Cette présentation vise ainsi à solliciter l’apport des théories intermédiales dans l’étude des techniques, plus particulièrement dans le cadre du cinéma d’animation.
Coralie Lamotte est doctorante en histoire et esthétique du cinéma à l’Université de Lausanne sous la direction du professeur Benoît Turquety. Elle est titulaire d’un Master en études cinématographiques de l’Université Paris VII-Diderot. Elle est actuellement accueillie par le laboratoire Cinémédias à l’Université de Montréal pour un séjour de recherche. Sa thèse porte sur l’histoire contemporaine des techniques dites « traditionnelles » du cinéma d’animation, en particulier la façon dont ces techniques,
initialement développées avant – et donc sans – outils et supports numériques, continuent à exister et à se développer dans un environnement numérique.
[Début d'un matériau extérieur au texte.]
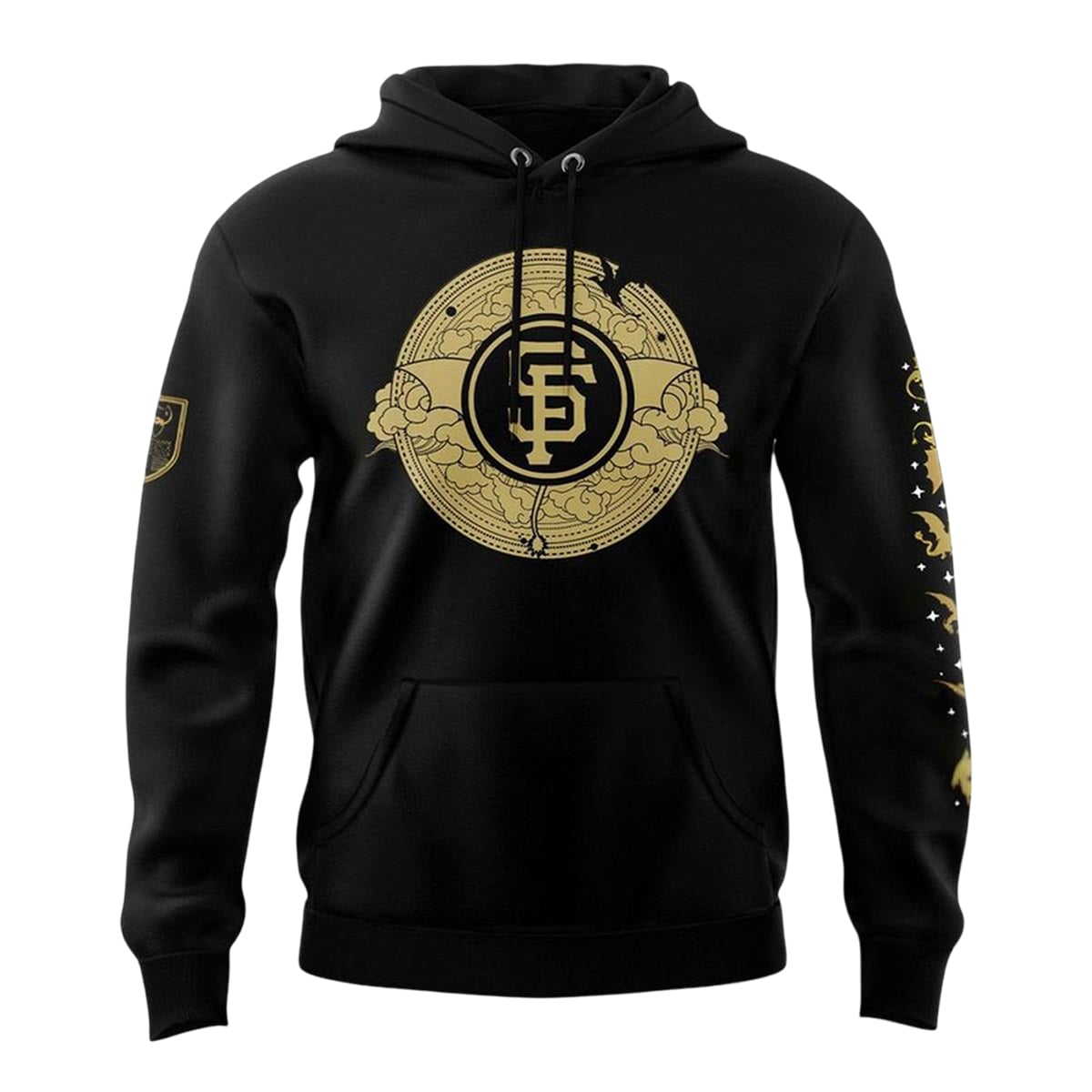 The front of the garment showcases the iconic interlocking San Francisco Giants “SF” logo, ingeniously reimagined. It sits at the center of an ancient-looking, circular golden crest, flanked by the protective wings of dragons. Moving to the back, the design explodes into a massive, majestic golden dragon in mid-flight, surrounded by victory laurels, celestial stars, and magical phases of the moon. Even the sleeves are adorned with striking celestial elements and falling stars, completing the enchanting look.

Karine Abadie est professeure adjointe au Département de langues, littératures et cultures modernes à Memorial University of Newfoundland, Karine Abadie est docteure en littérature française, spécialiste de l’entre-deux-guerres et du discours critique sur le cinéma des années 1920 et 1930. Ses recherches portent sur les rapports entre écrivains et cinéma, tant du point de vue des pratiques que de celui des discours. Elle s’intéresse aussi aux questions relatives à la cinéphilie et à la cinéphobie, à la théorie du cinéma dans la première moitié du XXe siècle, en France, ainsi qu’à l’influence des images dans le roman et la bande dessinée contemporains. Ses travaux puisent leur cadre théorique dans la perspective intermédiale, l’histoire culturelle et l’analyse des discours.
Son présent projet de recherche, « Lucien Wahl ou l’avenir de la critique cinématographique en France » (CRSH 2020-2022) consiste en une étude de la production textuelle du critique français, entre 1926 et 1934 et vise à révéler comment, tant sur le plan des formes que des contenus, un discours critique exprimer des préoccupations quant à l’avenir du cinéma et à ses perfectionnements techniques. Dans cette perspective, elle collabore au partenariat TECHNÈS en développant un parcours sur l’imaginaire des techniques cinématographiques entre 1925-1932.
Les midis de l’intermédialité est un rendez-vous proposé par le CRIalt et destiné aux jeunes chercheuses et chercheurs (de la maîtrise au postdoctorat) désireux de faire connaître leurs travaux en lien avec l’intermédialité auprès de leurs pairs. Chaque séance se compose d’une présentation d’une vingtaine de minutes, suivie d’une discussion encadrée par une modératrice ou un modérateur invité. Il est mis en place sous la responsabilité de Rémy Besson et coordonné par Jenny Brasebin.